I’m not too sure how much I can say about where they currently stand. I’ve enjoyed playing a different side to the character. When they are together, we certainly see a more vulnerable Montoya, which is nice. It’s always great to play Montoya with her guard down, because most of the time she’s tough.
“Gotham” features plenty of brawls, chases and gun-slinging. How exciting was it to have Renee and her partner Crispus save Jim Gordon from Victor Zsasz?
I loved it. That was probably my favorite scene. It was really exciting to see Montoya save Gordon after falsely accusing him for many weeks. Saving him from Zsasz was the perfect way to set up that alliance and really show that the GCPD could be trusted, that they are one of the good guys.
Would you like Renee to partake in more of those action beats?
Definitely. I’d love to do more. They are so much fun to watch. It really gets the adrenaline going and you are rooting for them. Everyone loves an action sequence, and you learn a lot.
In the comics and cartoon, Renee was a beat cop paired with Harvey Bullock.
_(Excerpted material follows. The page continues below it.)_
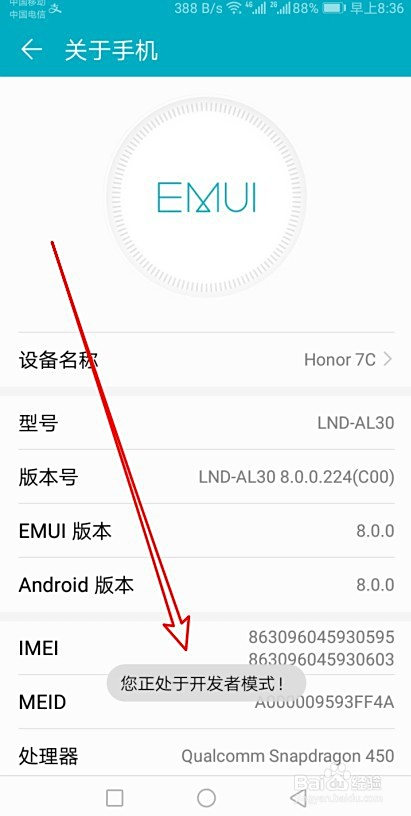 接着再打开的关于手机页面持续点击版本号的快捷链接。

Would you like to see more interaction between the two of them on “Gotham?”
There’s that one scene we did in the pilot, in the diner — I laughed reading it. Seeing them trying to gel would be hilarious. They are complete opposites. It’s interesting to see people try to come together from different backgrounds, different values and different outlooks on life. It would result in moments of levity and comedy. I think they would find a common ground as they did in the comic books. They are detectives and need to get the job done.
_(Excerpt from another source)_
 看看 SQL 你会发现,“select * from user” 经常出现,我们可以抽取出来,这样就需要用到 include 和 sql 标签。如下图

Renee had issues with Jim in the beginning, to the degree where she even warned Barbara about him. How has Renee’s perception of him changed?
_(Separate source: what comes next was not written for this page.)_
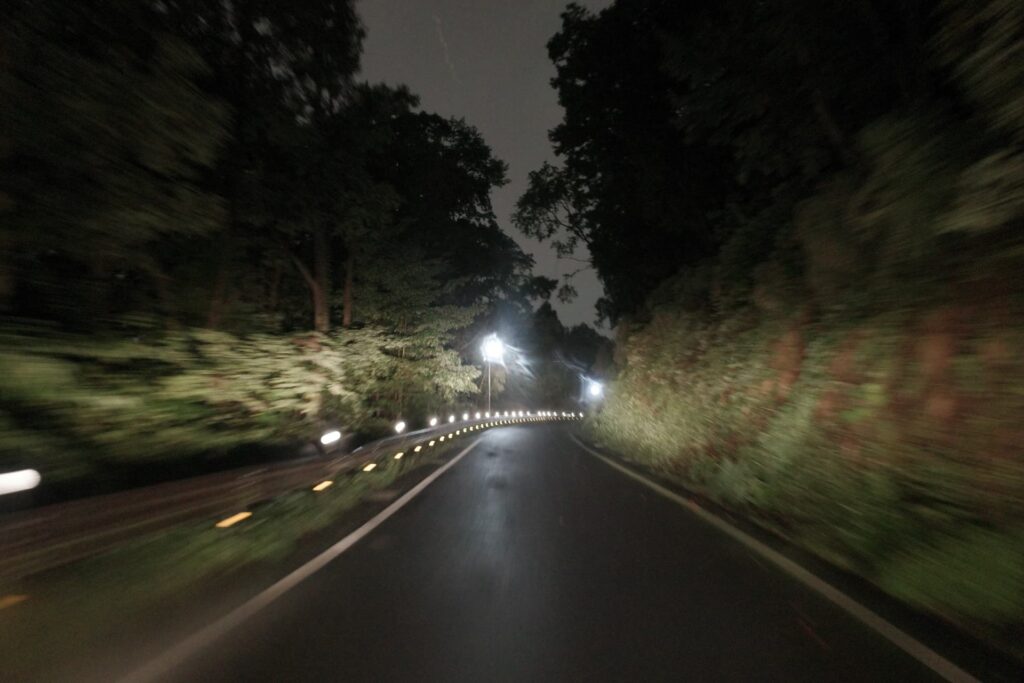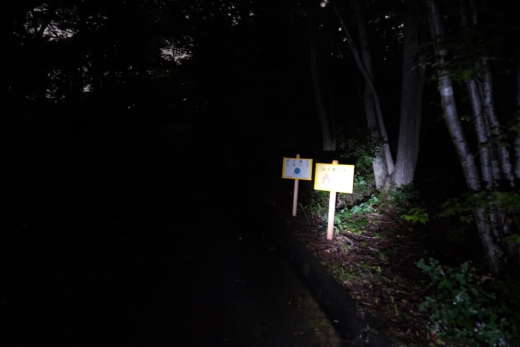 灯りが無さすぎてライトを照らさなければ一歩も進めない真っ暗な道を進みます。

Maybe Renee sees that they are more alike than she realized initially — besides being attracted to the same kind of woman. They both believe that there is a lot of good in the world. As dark as Gotham City is, they are fighters. They are warriors. They are going to fight for good, no matter what it takes. If they can get past that earlier friction that they had, I think they could be great allies, as they are in the comics.
Jim even tells Bruce Wayne that if anything bad happens to him, Renee and Crispus will take care of things.
That was great. I loved the fact that they had the future Batman, the future Commissioner, the Question and the Spectre together. All these people move on to greatness.
“Gotham” is the jumping off point for many heroes and villains, and you just mentioned Renee’s costumed alter ego. Do you feel they’ve planted the seeds for Renee to become the Question?
Because “Gotham” is an origin story, I think all the seeds are planted for all the characters. That’s what is so great about the writing. I really appreciate the fact that they are taking their time to develop and explore each character in depth.
In the comics, there’s a moment that serves as a catalyst: she becomes an alcoholic and hits rock bottom. On the show, if Renee were to fall off the wagon again, it would force her to really look at herself and become more self-aware and become the person she’s meant to be. That being said, this show definitely has its own take on it, so you’ll have to wait and see what triggers her.
Her partner Crispus dies in the comics. Do you and Andrew ever get concerned for his safety?
No, not really. We just go with the flow. I have so much fun with him and we’re having a blast. We’re just living in the moment and enjoying it. It’s superstitious to even talk about that.
As a Batman fan, what have you enjoyed about being part of the DC Universe and the Batman mythology?
Because I’m one of those fans, I can’t wait to read the scripts. I can’t wait to tune into the show every week to see where everyone’s story is going. “Gotham” has such a rich mythos, and everything they can pull for us is amazing. Then there’s the production values and getting to see something that has been in your mind this entire time. You get to see what Gotham looks like. They bring the whole thing to life, and do it incredibly well.
“Gotham” airs Mondays at 8 p.m. on Fox.